Again the oven was empty but far from cold. Although we did not take advantage of this left over heat, the regular users of bakeovens would then place apples, beans, corn, etc. on wooden trays, “darr harrde”, and put them into the oven to dry. (These trays were especially constructed to fit the contours of the oven). Thus utilizing every degree of heat available.
As soon as the bread had cooled enough to handle (it was still pretty hot, but who could wait?) a loaf was cut, tasted and pronounced delicious! Hearth baking of rye bread was a most successful venture and we are forced to admit that a thermostat is not a necessity but merely a convenience.
Take a small handful of hops and cook in two cups water about ten minutes.

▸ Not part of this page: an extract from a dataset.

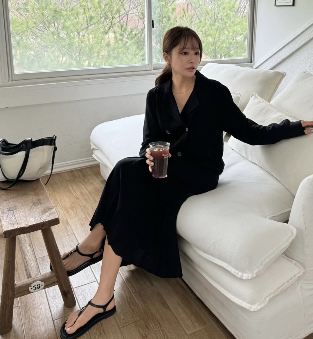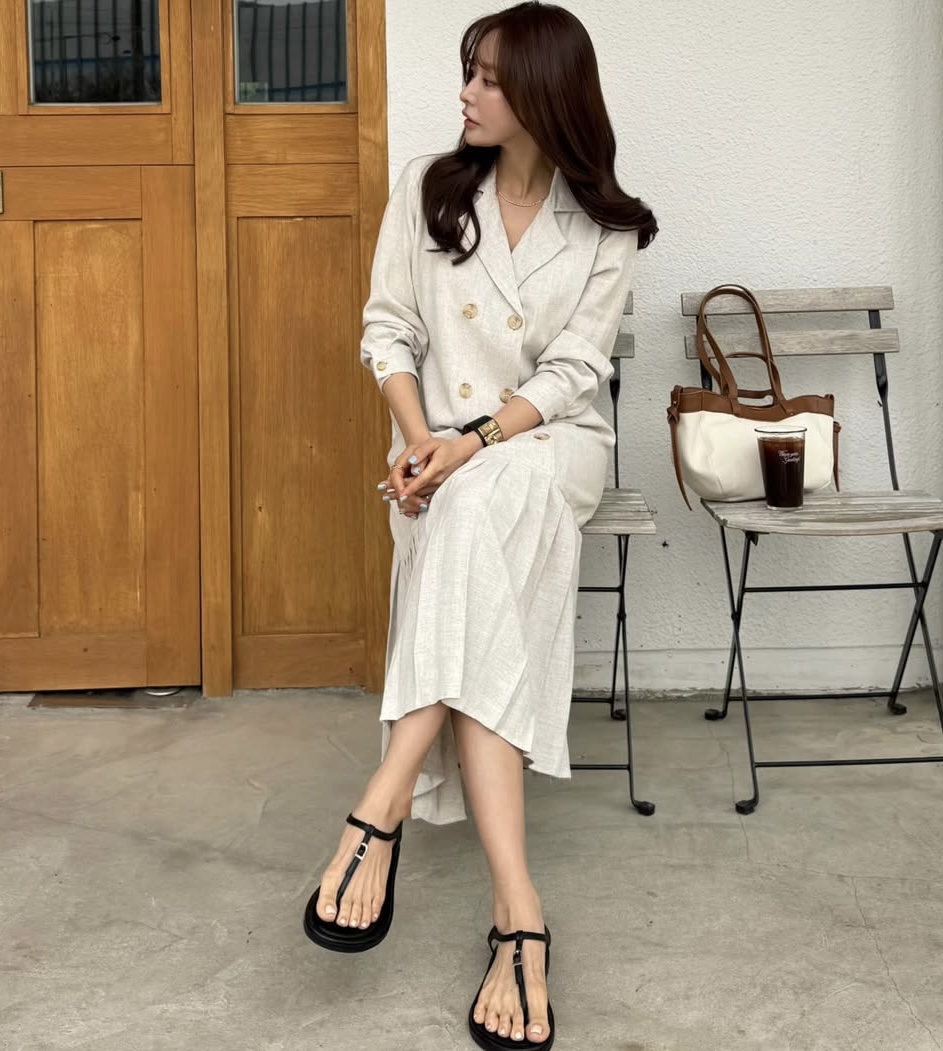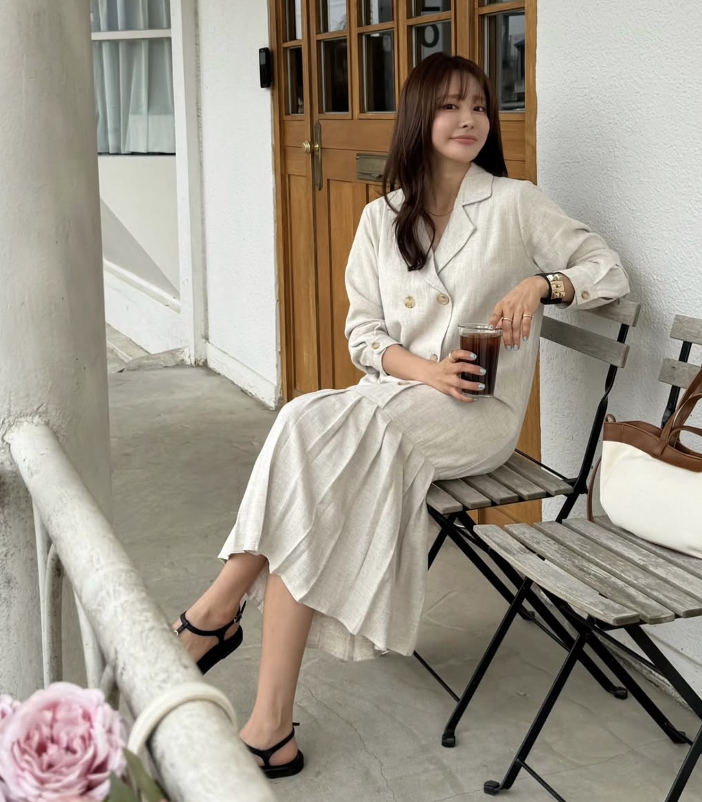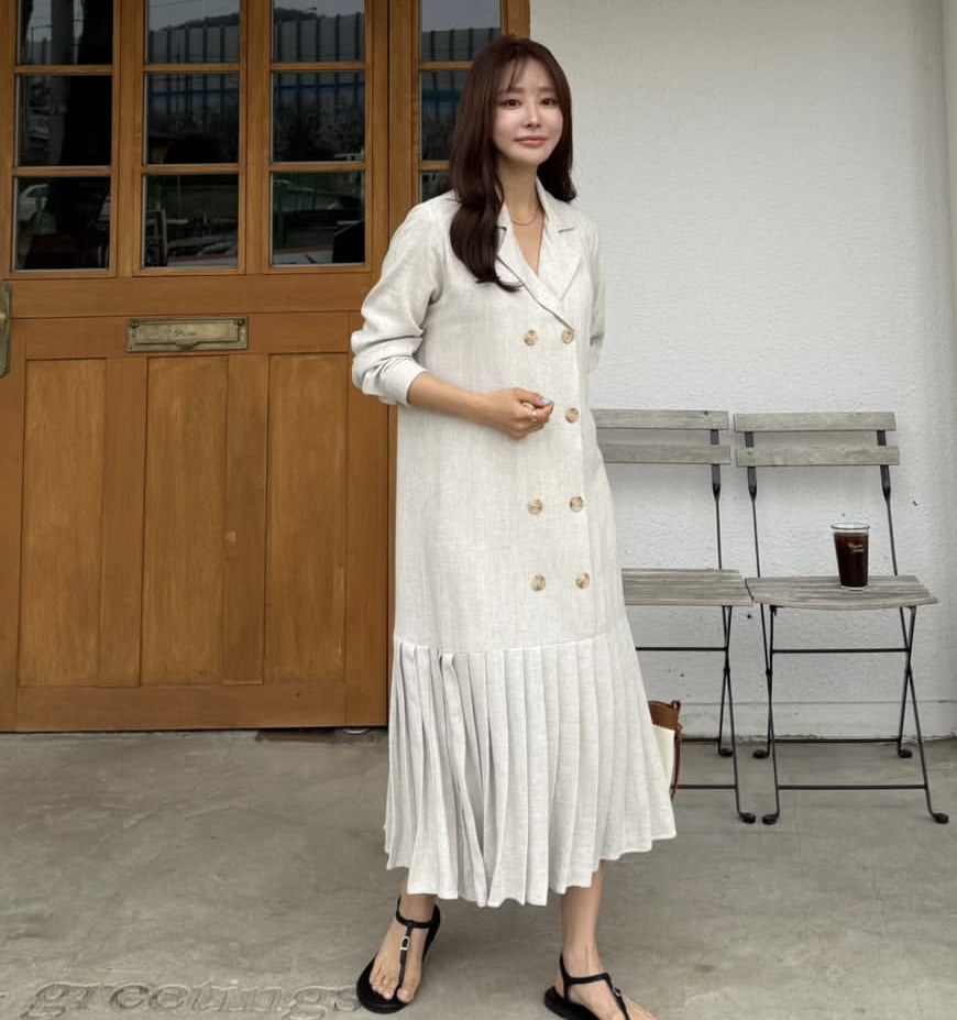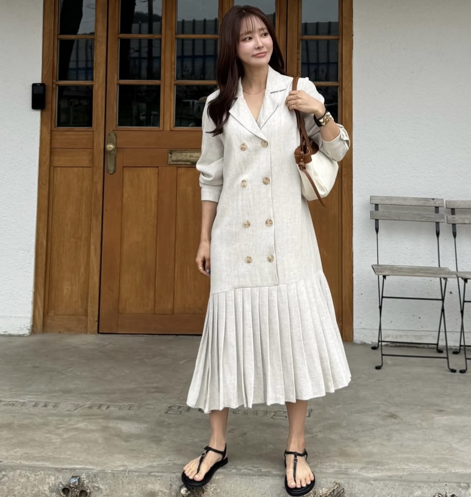 MY14643# 法式优雅百褶西装式长款连衣裙女裝貨源服裝批發

Strain water over two medium potatoes and cook until tender. Drain, reserve liquid. Mash potatoes and add to reserved liquid along with one teaspoon salt, ¼ cup sugar and additional water to make two cups. When lukewarm add ½ cake of commercial yeast, or 1¼ teaspoons dry yeast dissolved in ¼ cup warm water. Let stand at room temperature overnight. Then add one quart water, ½ teaspoon salt, and ¼ cup sugar. Let stand until bubbly and it is ready to use. Will keep for several days or a week if refrigerated. Allow to warm up to room temperature before using.
Dark Rye Bread
1½ cup liquid yeast starter
1½ cup lukewarm water
1 tablespoon salt
1/3 cup molasses
2½ tablespoons fat
4¾ cups dark rye flour
3 cups white flour
(Recipe for the equivalent of one nine inch diameter loaf. 12 inches after it is baked.)

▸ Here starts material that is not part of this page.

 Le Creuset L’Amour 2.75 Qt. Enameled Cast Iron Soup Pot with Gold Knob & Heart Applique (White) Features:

Combine all ingredients except for about half of the flour. Let stand one hour or until very bubbly. Add remaining flour to make a stiff dough. Knead well (white flour is best to use on the table for kneading; the rye tends to be very sticky). Let raise until doubled. Punch down and knead again gradually shaping the mass of dough into a loaf. Place in a greased 9 inch pan, unless you happen to be using a “bake oven” then bake it directly on the hearth, and let rise until doubled. Bake at 375 degrees to 400 degrees for about one hour. Remove from pan as soon as taken from the oven and brush with butter. Cool before cutting, if you have the will power to do so. Serve with lattwarrick (applebutter).
(1) December, 1964. Vol. 14, No. 2, PP 16-29
(2) Each year, on the 3rd Saturday in May, the Goschenhoppen Historians, Inc. sponsor a Spring House Tour. Visits are made to a number of the early houses, churches and industries in the Goschenhoppen area. Live demonstrations of early crafts are staged at appropriate places throughout the tour route. The above account of hearth baking of rye bread was one of the demonstrations on the 1968 Spring House Tour.
(3) Sponge – a batter-like mixture in which the yeast is allowed to work before the addition of all of the flour.
(4) Peel – a baker’s long handled flat wooden shovel-like paddle used to place bread or pies into or to take them out of the oven.